The city expects that reductions in the funding of the Section 8-subsidized housing program will mean construction of 110 fewer units next year.
Jobs -- The federal decision to eliminate totally the controversial public-service jobs program under the Comprehensive Employment and Training Act will result in the loss of $80 million in federal funds to Maryland and the elimination of 6,000 jobs.
In addition, cutbacks in the unemployment insurance program and in the Trade Adjustment Act, which provides benefits to persons forced out of work as a result of foreign competition, will reduce federal support by $18 million. About 7,000 persons will lose benefits.
Health and nutrition -- Under the original Reagan plan, state health officials had expected a cut of $27 million in the Medicaid program, which finances health care for the poor. Congress, however, significantly lessened the severity of the reduction, and the loss in 1982 is now expected to be $3 million.
Similarly, Congress rejected altogether what would have been about a $4 million cut in the state program providing nutritional benefits to pregnant mothers and young children under the WICs (women, infants and children) program.
However, smaller programs providing money for maternal and child-care benefits have been put into a block grant and cut so that the amount going to Maryland will be about $1 million less than last year. Two other block grants have been created for preventive health and mental health, resulting in a cutback of $728,000.
A number of nutrition programs for children have been cut, the largest of which is federal aid for school lunches. The cuts for Maryland amount to about $14 million. Most of these cuts will result in higher charges for school lunches.

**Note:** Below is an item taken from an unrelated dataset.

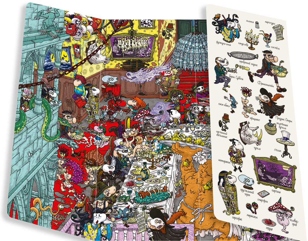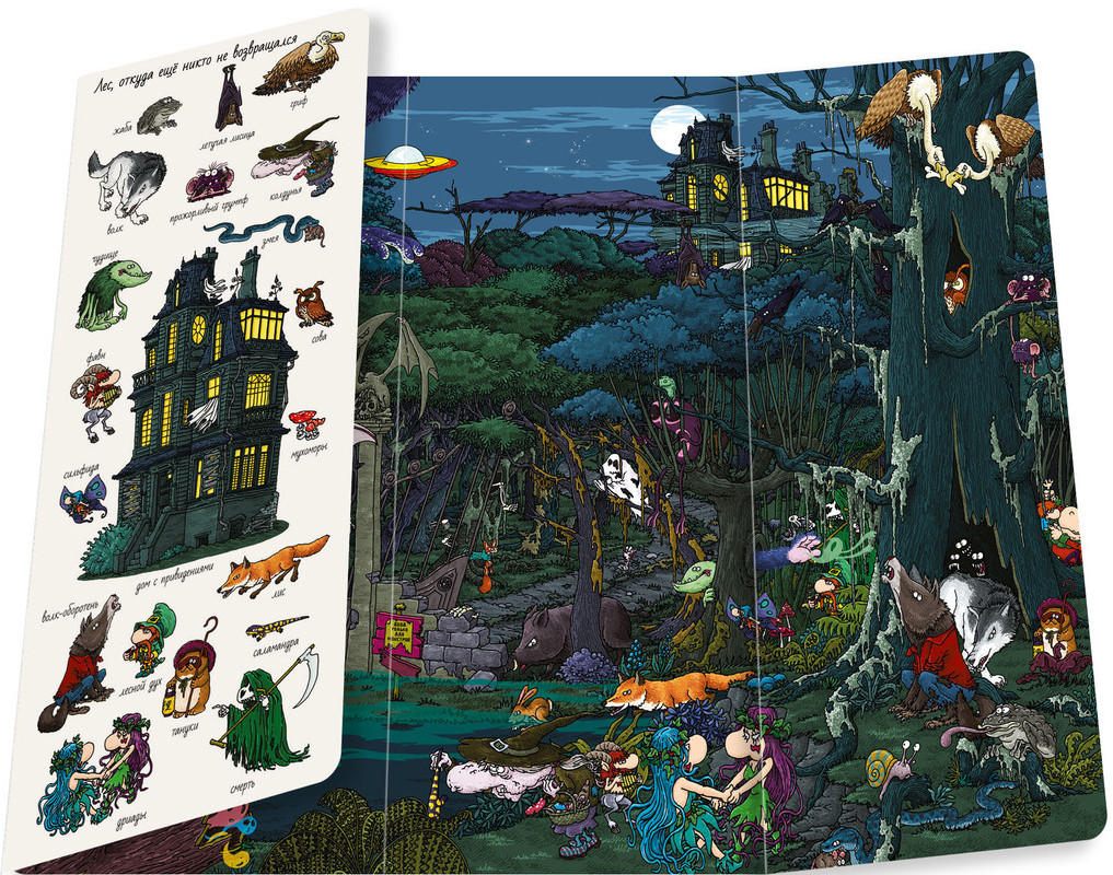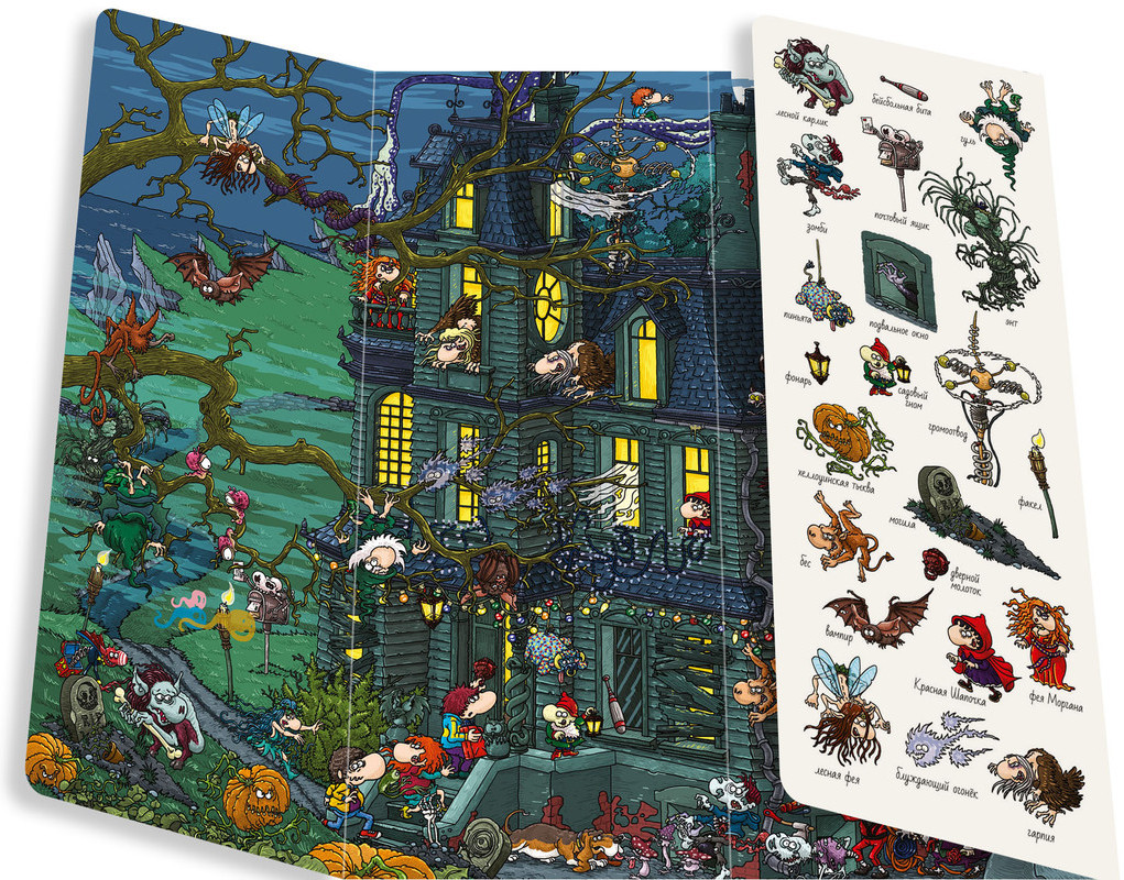Серия: Найди и покажи Найди на панорамных картинках персонажей, животных и предметы, которые изображены на створках каждой страницы. Трое друзей попали в неприятную историю в дремучем лесу у них сломалась машина. Им пришлось постучаться в двери странного дома. Оказавшись внутри, они в ужасе шарахаются от жутких монстров и призраков, в чьё логово они случайно попали! Хочешь поискать чудовищ на страницах этой книжки? |

Education -- A wide range of federal aid programs to Maryland have been sharply cut back. State officials estimate that grants for vocational rehabilitation will drop by more than $1 million, from $14.5 million to $13.4 million. Vocational education will lose more than $2 million, going from $13.7 million to $11.4 million; grants for education of the handicapped will be cut from $26.3 million to $20.8 million.
In addition, basic federal block grants providing money targeted to disadvantaged children will drop from $49.2 million to $45.3 million.
All the state's colleges and universities will lose money in varying amounts. A preliminary study of the university system showed, for example, that per-capita grants to the University of Maryland's Baltimore campus will drop from $1.02 million to $64,515. At Bowie State College, the $250,000 federal grant for work-study will remain the same in 1982, but in 1983, it will drop to $150,000. At Coppin State College, a $35,000 federal grant for an urban economic development center will be eliminated altogether in 1983.
The Farmers' Home Administration grant will be kept at $48,363 in 1982, but then wiped out in 1983. Aid for the state's historical trust will be cut from $1.7 million to $1.3 million in 1982, but in 1983 it will drop to $500,000. Money provided the state under the National Endowment for the Arts will be maintained in 1982 at just over $400,000, but in 1983, it is expected to drop to $200,000.
The community-service grant to the Maryland Center for Public Broadcasting also will be maintained at $1.4 million in 1982, but will fall to $1 million in 1983.